Each entry is to be repeated word for word, and the images are to be dropped.

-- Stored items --
§

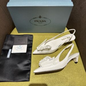 Prada Pumps 45mm in White Leather with Floral Appliques
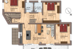 Im Obergeschoss befindet sich eine weitere Wohnung mit eigenem Wohnraum, einer Küche, drei Schlafzimmern und zwei Bädern. Diese Wohnung verfügt über einen separaten Zugang und eignet sich daher ideal zur Vermietung.
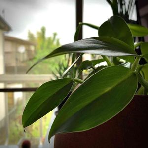 🌿 フィロデンドロン・シルバーメタル✧*。 🏷毎月8日は鉢の日に参加します🌿 シルバーグリーンの葉がカッコいいから渋めの鉢に植えています。鉢にも葉っぱ模様が入っています。 耐陰性があって生育旺盛⤴️これ以上大きくしたくないので伸びたらすぐ✂️しています。 白い花瓶の方は水挿し中🌱発根したので間もなく鉢植えにする予定です( •̀ •́ゞ)
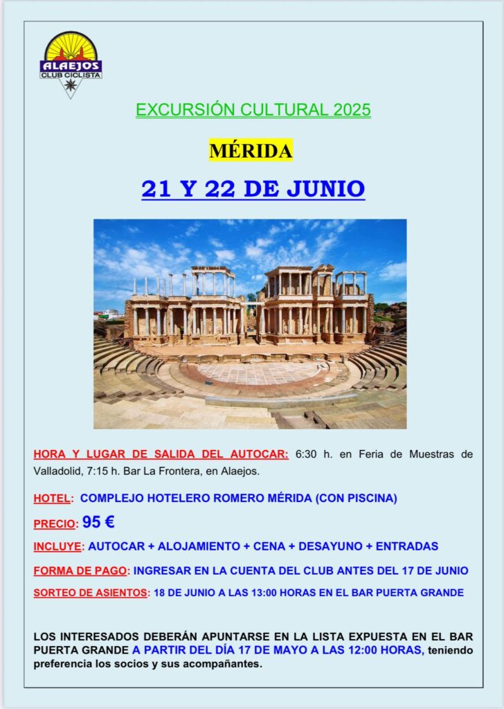 📢👉ALAEJOS: Excursión Cultural 2025 Club Ciclista de Alaejos: Mérida. 21 y 22 de Junio
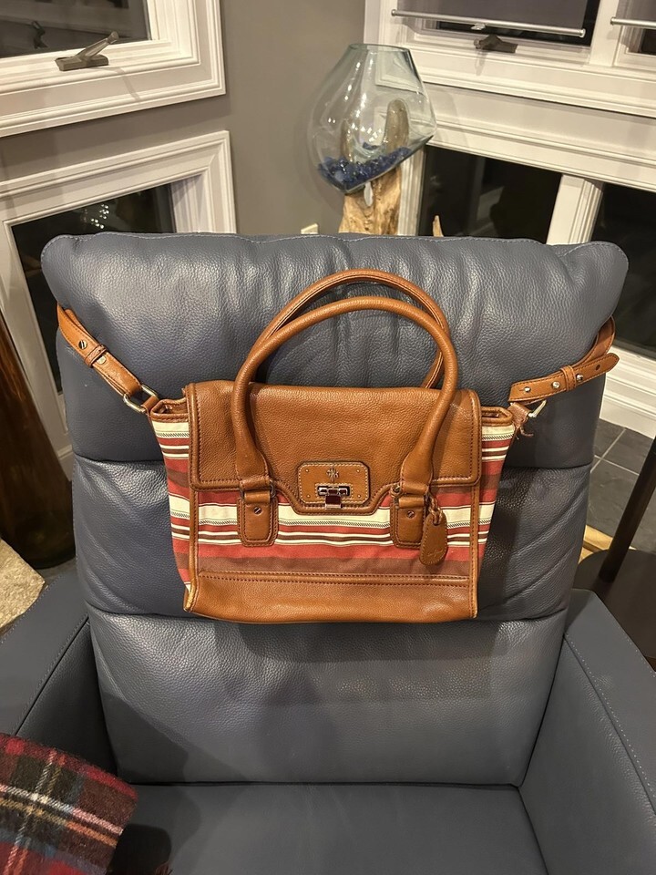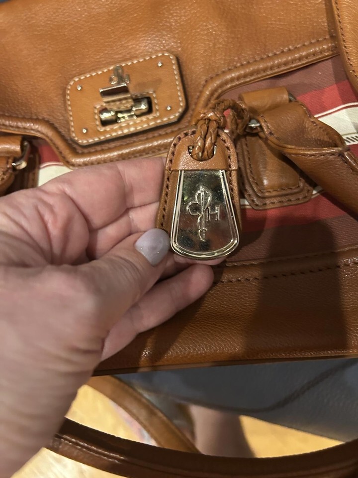 Cole Haan Brooke Flap Brown Leather Canvas Valise Hand Bag
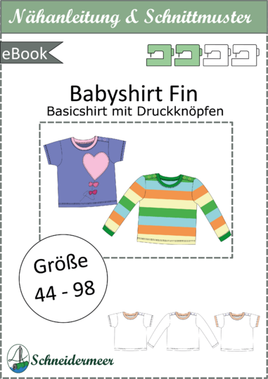 Das Modell „Fin“ ist ein Basicshirt uas Jersey für Babys, das sich leicht überziehen lässt. An der Schulter ist eine Knopfleiste aus Druckknöpfen eingearbeitet, die du wahlweise an einer oder beiden Schultern einarbeiten kannst. Beide Varianten werden ausführlich als Bild-für-Bild-Anleitung beschrieben, sodass auch Nähanfänger sich an das Shirt trauen können.

§

-- Answer to the problem --
 Prada Pumps 45mm in White Leather with Floral Appliques
 Im Obergeschoss befindet sich eine weitere Wohnung mit eigenem Wohnraum, einer Küche, drei Schlafzimmern und zwei Bädern. Diese Wohnung verfügt über einen separaten Zugang und eignet sich daher ideal zur Vermietung.
 🌿 フィロデンドロン・シルバーメタル✧*。 🏷毎月8日は鉢の日に参加します🌿 シルバーグリーンの葉がカッコいいから渋めの鉢に植えています。鉢にも葉っぱ模様が入っています。 耐陰性があって生育旺盛⤴️これ以上大きくしたくないので伸びたらすぐ✂️しています。 白い花瓶の方は水挿し中🌱発根したので間もなく鉢植えにする予定です( •̀ •́ゞ)
 📢👉ALAEJOS: Excursión Cultural 2025 Club Ciclista de Alaejos: Mérida. 21 y 22 de Junio
 Cole Haan Brooke Flap Brown Leather Canvas Valise Hand Bag
 Das Modell „Fin“ ist ein Basicshirt uas Jersey für Babys, das sich leicht überziehen lässt. An der Schulter ist eine Knopfleiste aus Druckknöpfen eingearbeitet, die du wahlweise an einer oder beiden Schultern einarbeiten kannst. Beide Varianten werden ausführlich als Bild-für-Bild-Anleitung beschrieben, sodass auch Nähanfänger sich an das Shirt trauen können.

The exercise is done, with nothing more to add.